This exercise calls for the line with "Golden music notes", the line with "Menlo Ventures", and all lines between them in the material below, output exactly and with no other lines.

▶ **RECORDS PROVIDED**
[Start of Attachment]
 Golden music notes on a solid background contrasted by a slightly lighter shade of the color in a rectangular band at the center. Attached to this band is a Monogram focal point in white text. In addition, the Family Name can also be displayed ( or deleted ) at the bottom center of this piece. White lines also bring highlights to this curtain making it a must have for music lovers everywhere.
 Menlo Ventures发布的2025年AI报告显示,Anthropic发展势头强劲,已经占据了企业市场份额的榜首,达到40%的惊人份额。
[End of Attachment]
[Start of Attachment]
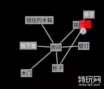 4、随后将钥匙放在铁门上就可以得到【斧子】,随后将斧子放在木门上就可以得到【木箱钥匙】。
[End of Attachment]
▶ **ANSWER TO THE EXERCISE**
 Golden music notes on a solid background contrasted by a slightly lighter shade of the color in a rectangular band at the center. Attached to this band is a Monogram focal point in white text. In addition, the Family Name can also be displayed ( or deleted ) at the bottom center of this piece. White lines also bring highlights to this curtain making it a must have for music lovers everywhere.
 Menlo Ventures发布的2025年AI报告显示,Anthropic发展势头强劲,已经占据了企业市场份额的榜首,达到40%的惊人份额。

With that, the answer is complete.